What to do when ANTLR breaks your inner rules

Three or four times now, I’ve written one parser rule, test-first, and gotten everything working; and then used that rule from another rule, and watched the original tests all fail. For example:

parameter:
  parameter_style
  ident_list
  (COLON parameter_type)?
  (EQUAL expression)?;

Worked great. It would match A: Integer, it would match const Foo, it would match A, B: array of const. Passed all the tests I could throw at it.

Then I added a rule that used it:

formal_parameters:
  OPEN_PAREN
  (p:parameter)?
  CLOSE_PAREN;

(This new rule isn’t finished yet. Yes, it will accept multiple parameters by the time it’s done.)

As soon as I defined the formal_parameters rule in my grammar, my parameter tests started failing with errors like this:

antlr.NoViableAltException: unexpected token: ["",<1>,line=1,col=17]

I did some digging and some diffing, and found the problem. To take one particular example, the test was trying to parse var Foo: Integer. var matched parameter_style; Foo matched ident_list; and the colon and Integer matched COLON parameter_type. Then it tried to look for EQUAL expression, and it broke.

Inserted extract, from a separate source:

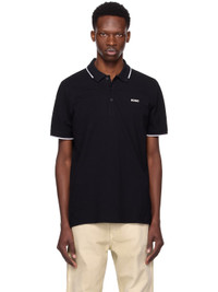 Stretch cotton pique polo. · Striped rib-knit spread collar and cuffs · Three-button placket · Logo bonded at chest · Tennis-tail hem Supplier color: Black Body: 93% cotton, 7% elastane. Trim: 100% cotton. Made in Bangladesh 252084M212016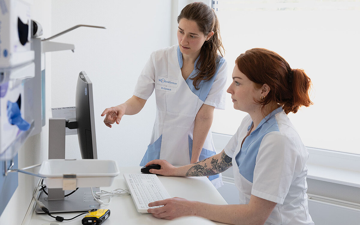 Das Team im WundZentrum besteht aktuell bereits aus fünf Pflegefachpersonen. Alle verfügen über Expertise aus den verschiedensten medizinischen Bereichen, wie beispielsweise Kranken- oder Altenpflege. Und alle absolvierten eine spezielle Zusatzqualifikation in der Wundbehandlung. Diese Qualifizierung zur zertifizierten Wundmanagerin erfolgt über die Akademie-ZWM. Damit wird garantiert, dass das Team immer auf dem neuesten Stand medizinischen Wissens ist.

It was looking at the next token in the input and deciding what to do. If the next token was EQUAL, then it would take the optional EQUAL expression branch. If the next token was something that could validly come after the parameter rule (which it figured out by looking at every other rule in the grammar that could possibly use parameter), then it would skip the optional branch and return. And if neither of those cases held — if the next token was neither EQUAL nor a token that could possibly come after a parameter — then it would throw a NoViableAltException.

The problem was, somehow ANTLR got confused, and forgot that EOF was one of those somethings that could validly come after the parameter rule. After all, you might call the parameter rule all on its own, and it’s perfectly legit for it to match everything in the input stream.

ANTLR gets confused this way, every now and then. Most likely some bug in its “look at every other rule in the grammar that could possibly use parameter” logic. Fortunately, I don’t expect to use the parameter rule on its own, except in tests; it’ll always be part of some larger construct that does still work. So I used to just shrug helplessly, and move my parameter unit tests onto formal_parameters. Made the tests messier, because now they were testing two levels deep, but I got adequate coverage.

This latest time, though, a light bulb went off: I could easily force ANTLR to recognize EOF as something that can come after the parameter rule. I wrote another rule, like so, and with no other changes, magically my tests started passing:

parameter_with_eof:
  parameter EOF;

I don’t even need to use this new rule, in my tests or anywhere else. But it gives ANTLR a clue-by-four that yes, EOF can come after parameter. So everywhere I use parameter, it recognizes EOF as a valid signal to skip the optional bits. And everything starts working again.

It’d be nice if ANTLR worked right in the first place, of course. But it is at least encouraging to know that I’ve been able to work around every one of its bugs that I’ve found so far.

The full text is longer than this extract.